A view from biomedical physicians
In the American Medical Association (JAMA) Journal, Maitra and Verghese recently discussed the medical imperative ‘to make a diagnosis’. (here) They contrasted the medical perspective, establishing a biological, structural or functional, cause for a patient’s illness based on a biomedical model of illness, discussed here, to the patient’s perspective, as explained by Kleinman. (here) The patient wants an explanation and uses an explanatory model of illness.
The contrast between cause and explanation may appear a subtle distinction, but it is accurate and necessary. You may tell someone that the cause of her stroke is hypertension and smoking leading to vascular disease and cerebral infarction. She may reasonably point out that (a) she has had those factors for years without having a stroke, and (b) she has friends with the same factors who never have a stroke. Moreover, why did she have her stroke at ten past five on Friday afternoon, two days after arguing with her daughter?
They review the increased ability between 1700 and 1900 to localise diseases within the body at the expense of considering illness. They refer to illness thus: “Yet, in all cultures, illness is fleshy, full of matter and corporal experience; it takes place at the bodily level.“

They then go on to point out that “Disease is not the stable, natural category many clinicians have come to rely on but a “social discourse open to intervention,” [I think they more accurately mean that illness is a social construct, rather than disease.] They emphasise, crucially, that “the biomedical label cannot encompass subjectivity and lived experience.“
They finish by stating: “Diagnosis is not the destination. The goal (and the glory) is in getting to know the unique person experiencing illness by fully understanding their biographies to appreciate the nature of the disease that affects them, and then using individualised treatment and the art of caring to bring them comfort.”
This viewpoint highlights three points:
- The drive to make a medical diagnosis still centres on identifying pathology within the body
- The patient, in contrast, wants a fuller explanation of their individual experience
- Their interpretation of a ‘proper diagnosis’ is similar to the process of formulation within rehabilitation. (here)
In summary, over the years, healthcare has moved from considering the person, with no actual knowledge of what the illness was, to a position where the diagnostic process identifies with reasonable certainty a specific structural or functional abnormality, disease or pathology, within the body. Almost complete uncertainty has been replaced by reassuring confidence, albeit t the cost of overlooking the patient.
Biopsychosocial formulation and uncertainty
The biopsychosocial model of illness is covered on several pages on this site, starting here. The features I want to stress here are that:
- it is a systems approach, including many different factors and the overall model includes at least nine subsytems
- it inevitably includes great uncertainty both about
- explanation and causes, and about
- prognosis and prediction of the effect of an intervention
- it is nevertheless the best model we have.
Mathematical complexity is the critical characteristic of any system where three or more factors have mutual and/or multiple and/or non-linear relationships.
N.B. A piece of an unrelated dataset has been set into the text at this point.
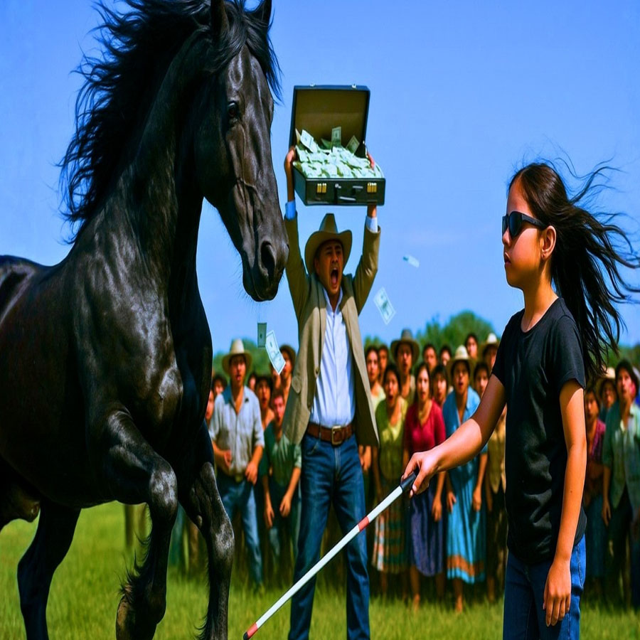 Yo ofresto 10 m000ones a quien logre domar este caballo salvaje. Una niña ciega de 10 años aceptó el reto. El animal era pura violencia. 30 días para lo imposible. Lo que sucedió después nadie lo esperaba. 10 millones. 10 millones de pesos para quien dome a ese maldito animal. La voz de don Manuel Córdoba retumbaba en la plaza del pueblo como un trueno.
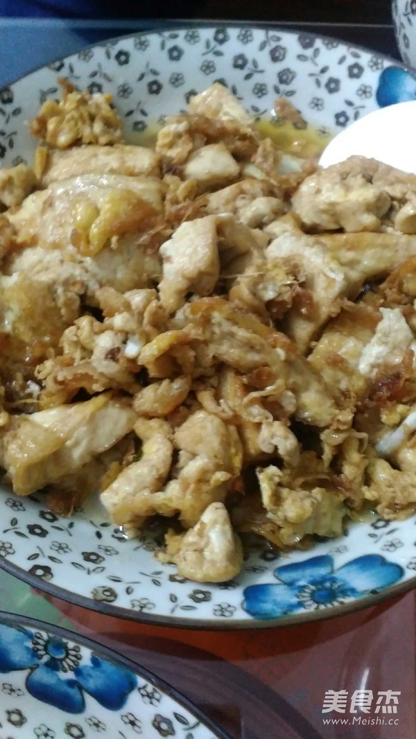 3.锅里热油,把裹上鸡蛋的豆腐放入锅中煎,煎到两年金黄即可,最后把全部煎好的豆腐倒入锅中后加入酱油翻炒一会后就可盛出了。

This complexity means that the overall effect of changing one element cannot be predicted.
For example, introducing targets for maximum waiting times in emergency departments was supposed to increase throughput and reduce waits. One consequence was making ambulances wait outside until the department could take the patient in and transfer them within the four-hour limit. The waiting time increased.

This unpredictability manifests as uncertainty. When analysing a situation, one can decide the most likely contributing factors, but one cannot be sure. More importantly, one can suggest interventions to change one or more aspects, but one cannot be sure that the intervention will have the desired effect. Furthermore, it is difficult to predict adverse effects that might arise.
This unpredictability is also often associated with instability. A situation may be breaking down but may remain stable as other systems flex and adapt to retain stability until, suddenly, everything fails and stability is lost.
Therefore a rehabilitation clinician must, first and foremost, recognise that every conclusion and every prediction has an element of uncertainty. It is helpful to consider prediction in terms of the upper and lower probability limits where this is possible. This technique emphasises to others how great the uncertainty is.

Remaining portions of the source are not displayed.